Летели навстречу звезды галактики вздымались в небо рушились цивилизации восставали вскормленные молитвами боги исчезали всеми забытые. Сверкающей прямой линией яркой безупречной проходила через бесконечную историю Вселенной счастливая судьба человечества.

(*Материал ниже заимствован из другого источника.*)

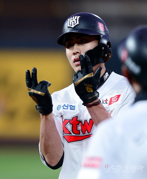 3회말 2사 1루에서 kt 심우준이 안타를 날린 뒤 세리머니를 펼치고 있다.
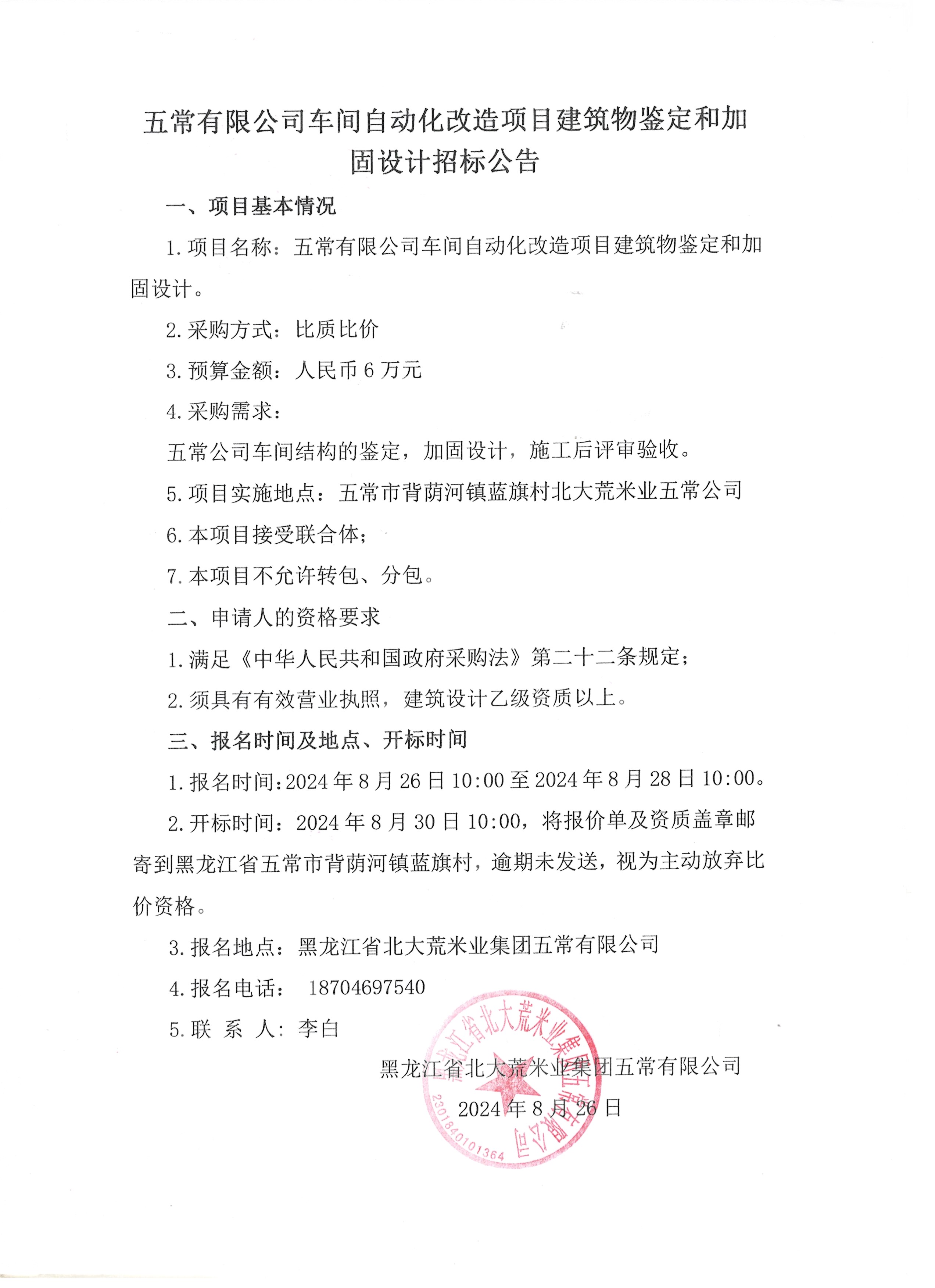 五常有限公司車間自動化改造項目建筑物鑒定和加固設(shè)計招標公告

Это ваша заслуга профессор пели звезды
Это наша общая заслуга прошептал он теперь я вижу вижу я все вижу
В кабинете было очень тихо. Андрей Иванович и Коса полулежали на диване, тяжело дыша, доверчиво соприкасаясь телами, словно любовники, и ошалело смотрели друг на друга. Наконец Коса, чувствуя уже, как растекается по ее живому мясу неведомый раствор, пискнула, трепыхнулась. А Андрей Иванович стиснул ее запястья, прижал к дивану и ласково зашептал, что сейчас надо полежать, нельзя никуда идти, сейчас мозг под воздействием чудесного лекарства начнет переходить в особое состояние, раскрываться, как цветок, восприятие расширится. Коса увидит, как этот мир на самом деле устроен, прикоснется к его связующим нитям и поймет, что Андрей Иванович хочет своим дефективным воспитанником только добра, хочет вытянуть их из безмозглого, под себя ходящего прошлого в сияющее будущее, куда они выберутся абсолютно новыми сознательными людьми. И Коса скоро тоже обновится, а пока лучше прилечь, вот сюда, на подушечку, закрыть глаза и не сопротивляться благотворным изменениям в сознании, границы которого раздвинутся, как тазовые кости роженицы, и это, вероятно, будет очень больно, но недолго…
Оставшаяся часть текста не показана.